Once the line holding "Confeccionada em malha, a" is written out, stop; begin at the first line of the material below and retype exactly, dropping pictures.

......

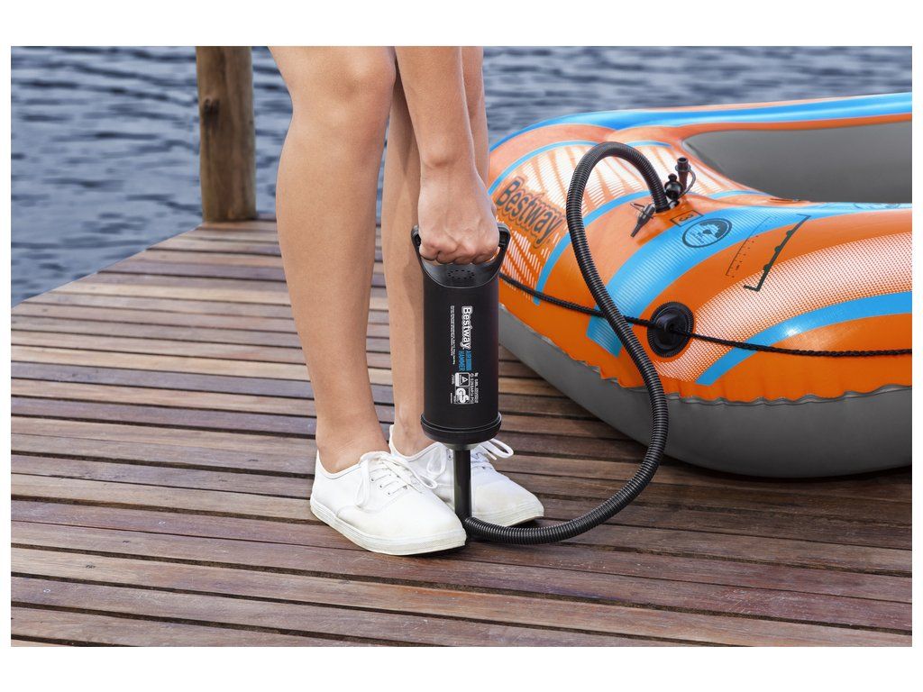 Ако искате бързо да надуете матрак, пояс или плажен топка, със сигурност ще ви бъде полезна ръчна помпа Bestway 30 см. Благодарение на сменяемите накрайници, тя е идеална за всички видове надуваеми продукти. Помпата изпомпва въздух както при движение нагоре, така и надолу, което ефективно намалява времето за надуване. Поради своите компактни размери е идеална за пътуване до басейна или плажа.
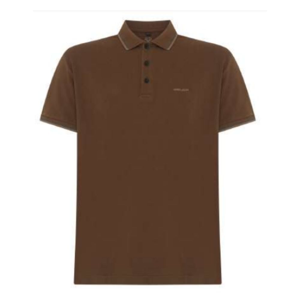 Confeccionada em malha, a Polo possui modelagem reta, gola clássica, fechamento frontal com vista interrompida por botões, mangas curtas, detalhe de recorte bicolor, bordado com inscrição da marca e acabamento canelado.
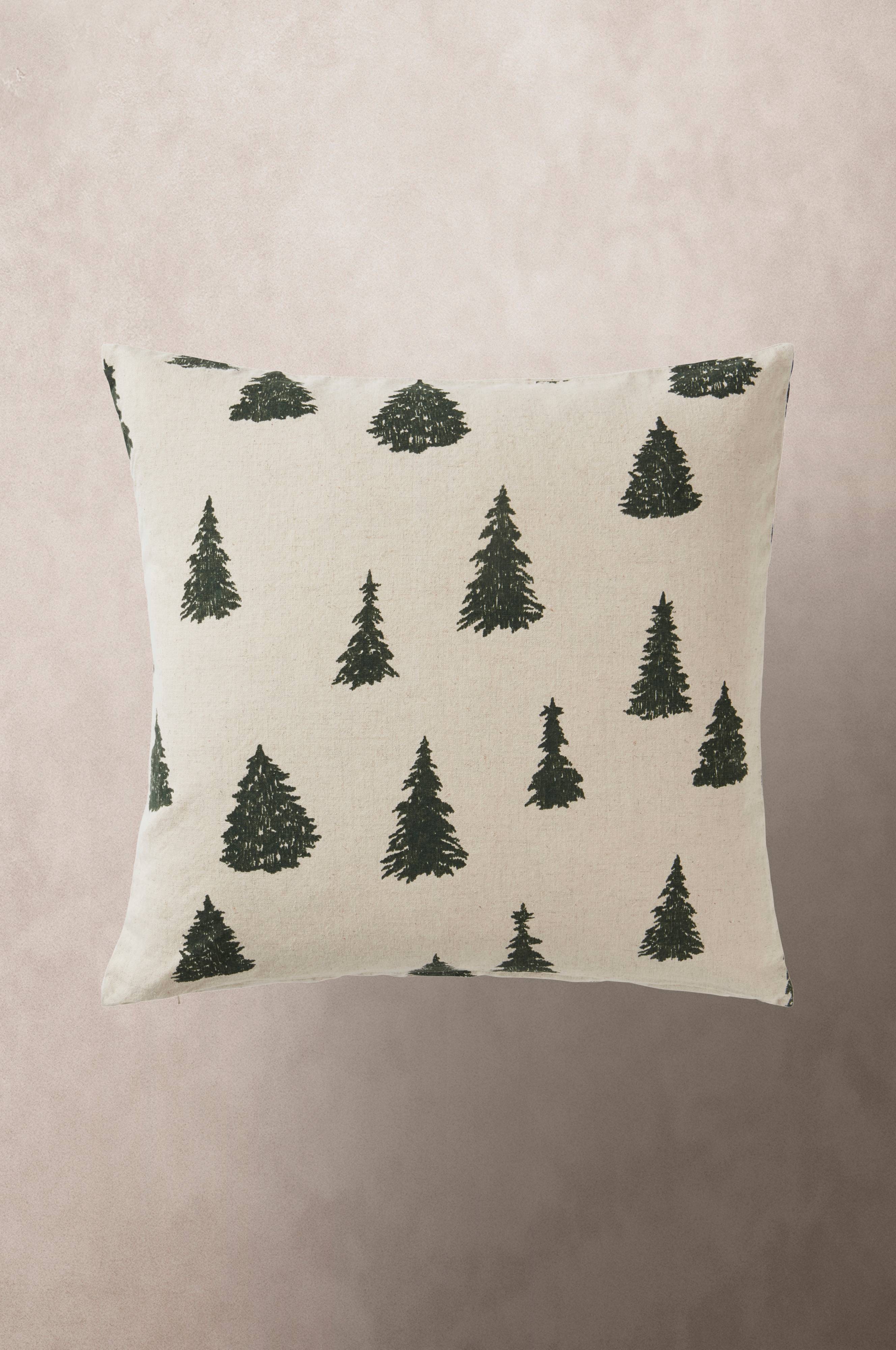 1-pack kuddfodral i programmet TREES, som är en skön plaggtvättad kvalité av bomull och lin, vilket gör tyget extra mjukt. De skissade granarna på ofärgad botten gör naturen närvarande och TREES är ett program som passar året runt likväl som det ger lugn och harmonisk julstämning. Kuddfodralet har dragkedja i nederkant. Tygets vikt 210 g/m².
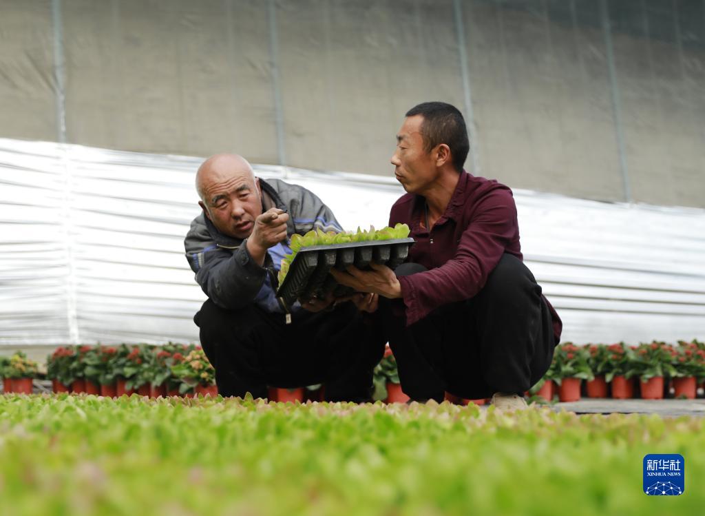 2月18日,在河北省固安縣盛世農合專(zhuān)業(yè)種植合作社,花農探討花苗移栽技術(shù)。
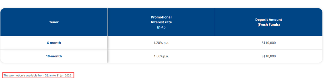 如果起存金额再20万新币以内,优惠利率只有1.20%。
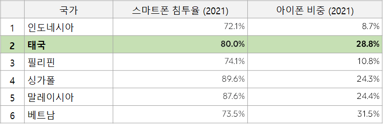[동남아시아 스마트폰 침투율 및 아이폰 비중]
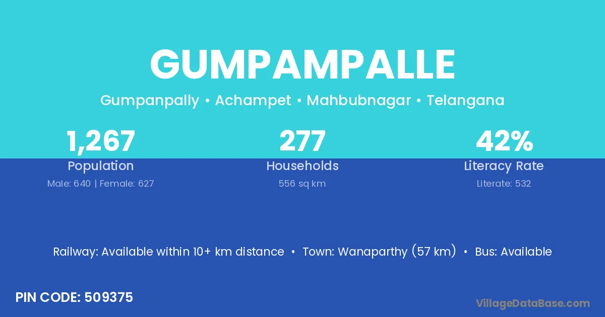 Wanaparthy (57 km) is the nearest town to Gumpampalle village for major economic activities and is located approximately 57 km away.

......

→ **Written reply**:
 Ако искате бързо да надуете матрак, пояс или плажен топка, със сигурност ще ви бъде полезна ръчна помпа Bestway 30 см. Благодарение на сменяемите накрайници, тя е идеална за всички видове надуваеми продукти. Помпата изпомпва въздух както при движение нагоре, така и надолу, което ефективно намалява времето за надуване. Поради своите компактни размери е идеална за пътуване до басейна или плажа.
 Confeccionada em malha, a Polo possui modelagem reta, gola clássica, fechamento frontal com vista interrompida por botões, mangas curtas, detalhe de recorte bicolor, bordado com inscrição da marca e acabamento canelado.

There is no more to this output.